Чтобы пресечь сии беспорядки и положить первый, так сказать, камень основанию нравственности и благосостояния грубого сего народа [ногайцев], нужно, во-первых, ощутительным образом показать ему великие преимущества жизни постоянной пред кочевою[1158].
Не следовало ожидать, подчеркивал Розенберг, что такое воздействие достигается одними только «предписаниями». Напротив, «ощутительно» значило, что в ногайских поселениях постоянно должен присутствовать представитель российских властей. Он должен был назначаться руководителем в «экспедиции» (в данном случае так называлось своего рода ногайское самоуправление), управление которой прежде находилось исключительно в руках ногайцев, и быть в непосредственном контакте с правлением губернии.
Содержа людей сих в порядке и повиновении, руководствовал их мало по малу к общей гражданской жизни, к прочному водворению и к упражнениям, добрым земледельцам свойственным[1159].
Таким образом родилась идея больше не оказывать политико-административное влияние на кочевые народы только через посредников из коренного населения, назначенных российским центром, но разместить на местах на длительный срок и своих людей в качестве «приставов» и надсмотрщиков.

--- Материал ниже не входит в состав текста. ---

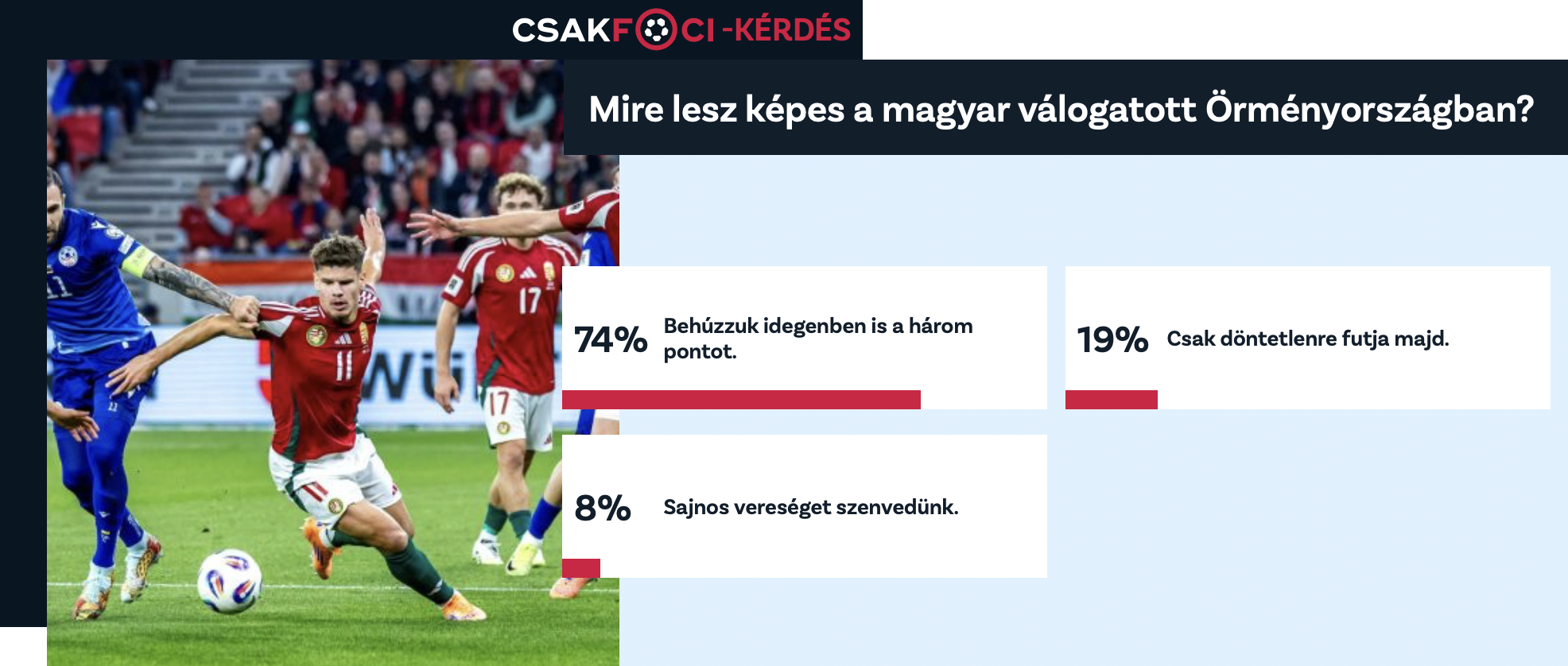 Rendkívül fontos vb-selejtezőt játszik a magyar válogatott csütörtökön 18.00-tól Örményországban. A találkozó apropóján természetesen a Csakfoci szavazós felületén is arra voltunk kíváncsiak, olvasóink szerint milyen eredményt érnek majd el a mieink Jerevánban.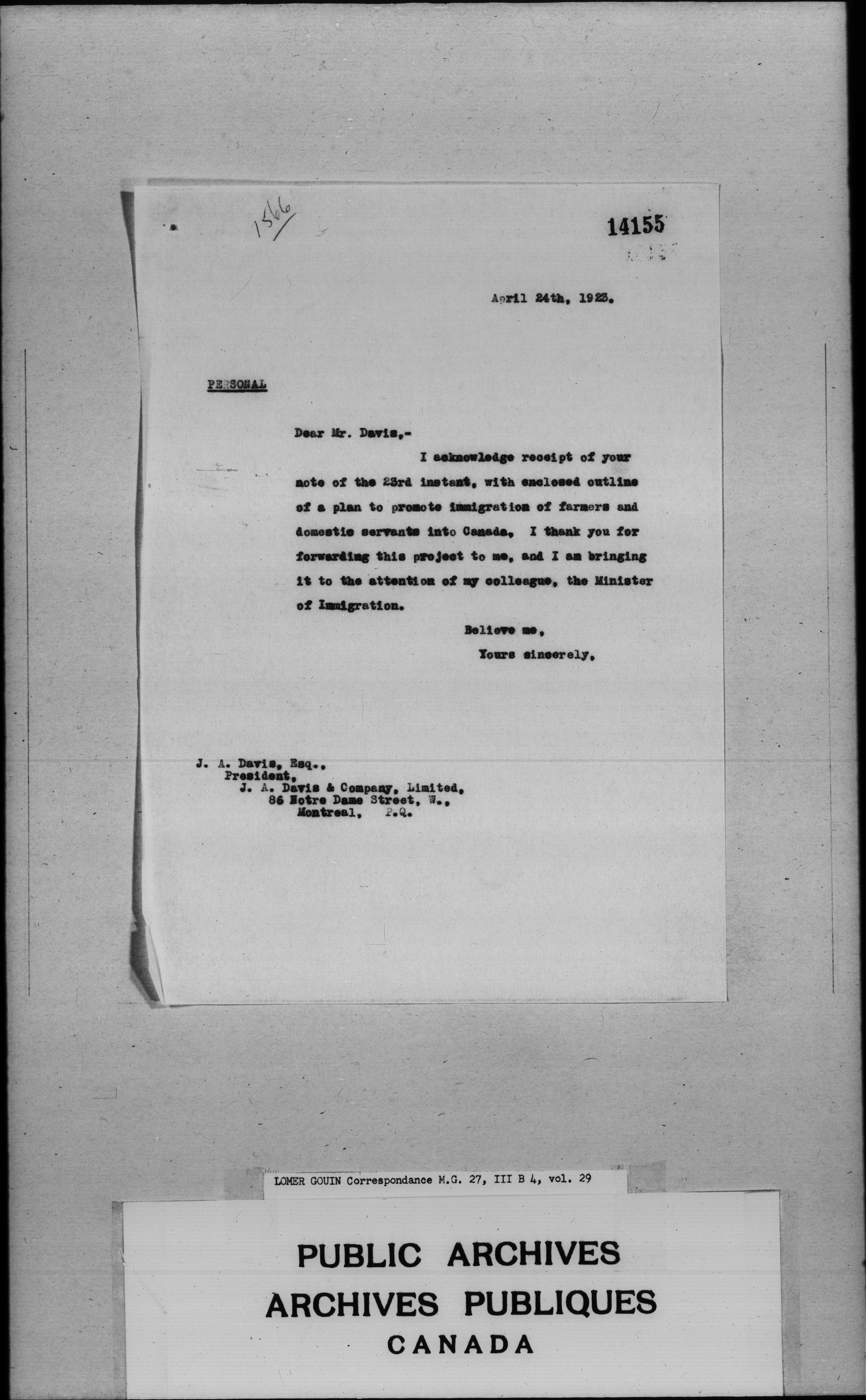 Sir Lomer Gouin : Correspondence 1922-1929 - 2346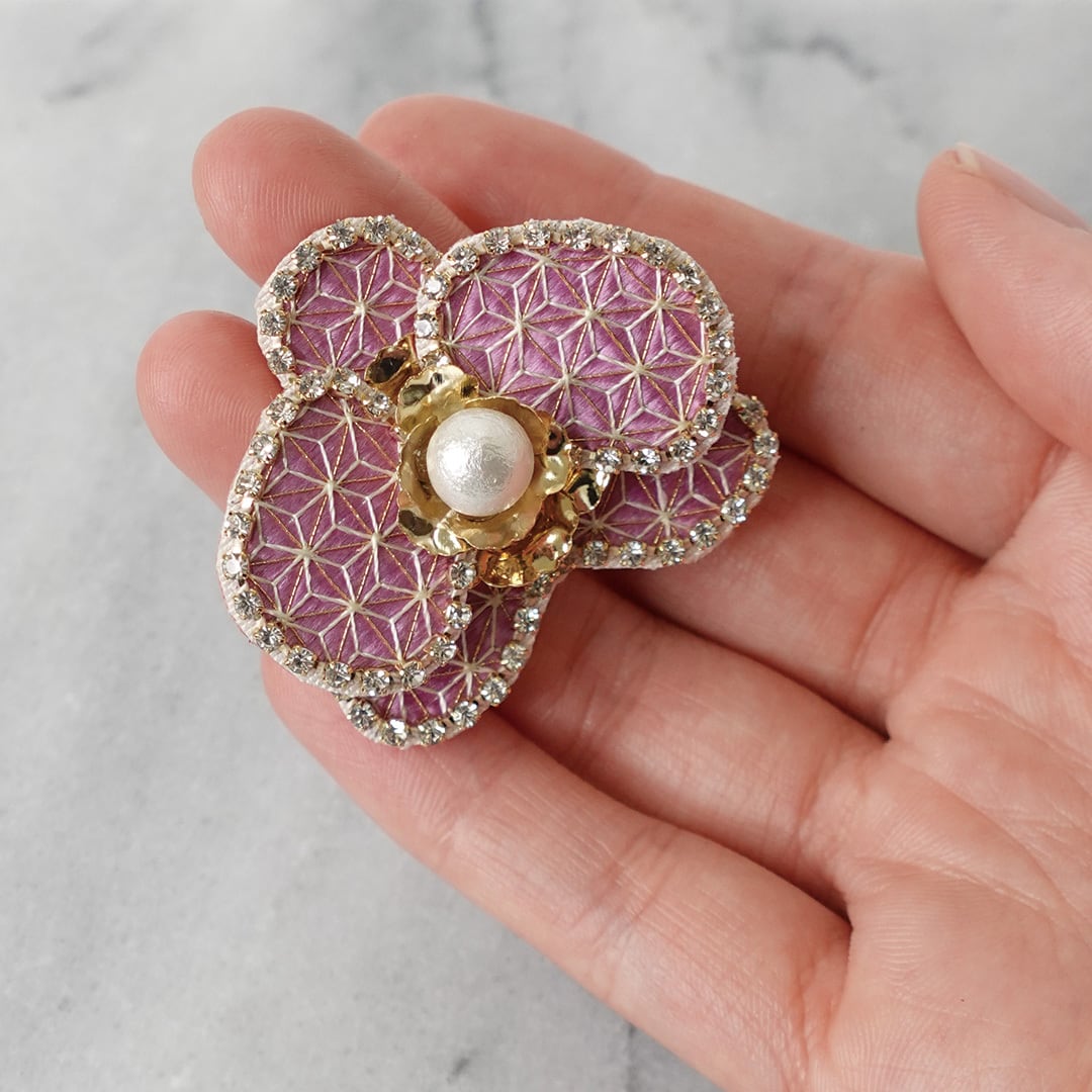 【蘭】麻の葉文様刺繍 イヤリング/【Orchid】Asa-no-ha pattern embroidery earring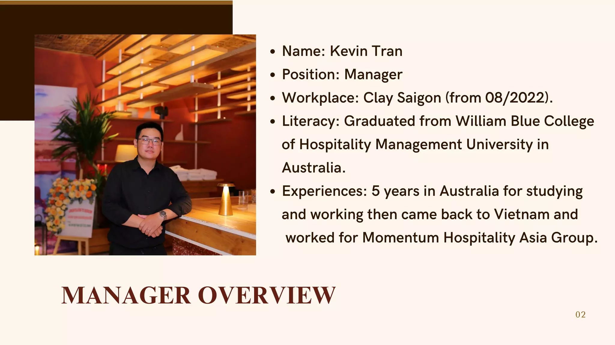 Kevin Tran is the manager of Clay Saigon hotel. He has 5 years of experience in the hospitality industry in Australia and Vietnam. As the manager, his big challenges include accommodating customer demands when staff cannot satisfy them and resolving conflicts between customers and staff.

Только тогда, по словам Розенберга, можно будет устранить проблемы, которые возникали в результате того, что лидеры из коренных народов не говорили по-русски, не знали канцелярской работы и, значит, «естественно не могли иначе действовать, как только беспорядочно».
Но для того, чтобы как можно успешнее способстовать «образованию» ногайцев, необходимо было опираться на тех, кто уже достиг успехов в земледелии и оседлости. С этой целью через два года после введения нового устава об управлении ногайцами тем из них, кто еще не построил себе дом, было запрещено избираться в качестве ногайских представителей в «экспедицию». Спустя четыре года те же ногайцы должны были лишиться активного избирательного права, а также права быть избранными в председатели сельской полиции[1160].
Таким образом, впервые высокопоставленный представитель царского правительства выдвинул идею лишения гражданских прав, которые до сих пор предоставлялись всем нерусским подданным на основе самоуправления, если они не начнут вести оседлый образ жизни. Тем самым прежняя политика стимулирования впервые на локальном уровне — пусть пока только в виде предложения — была дополнена стратегией, направленной на утверждение «цивилизованного» образа жизни с помощью правовой дискриминации.
А. Р. Воронцов и С. К. Вязьмитинов, которых попросили высказать свое мнение по поводу предложения Розенберга, в целом одобрили проект. Они также придерживались мнения, что администрация ногайцев должна выйти из-под их собственного контроля и перейти к гражданскому губернатору и, таким образом, к представителю российского правительства. Перед ним как главным попечителем стояла задача адаптировать ногайцев к переходу от кочевничества к «постоянной жизни». Однако в отличие от Розенберга они, придерживаясь традиции господствующих дискурсов XVIII века, предупреждали об опасности применения средств принуждения и полагались на то, что ногайцы сами ощутят и посчитают достойными подражания преимущества «постоянной жизни»[1161].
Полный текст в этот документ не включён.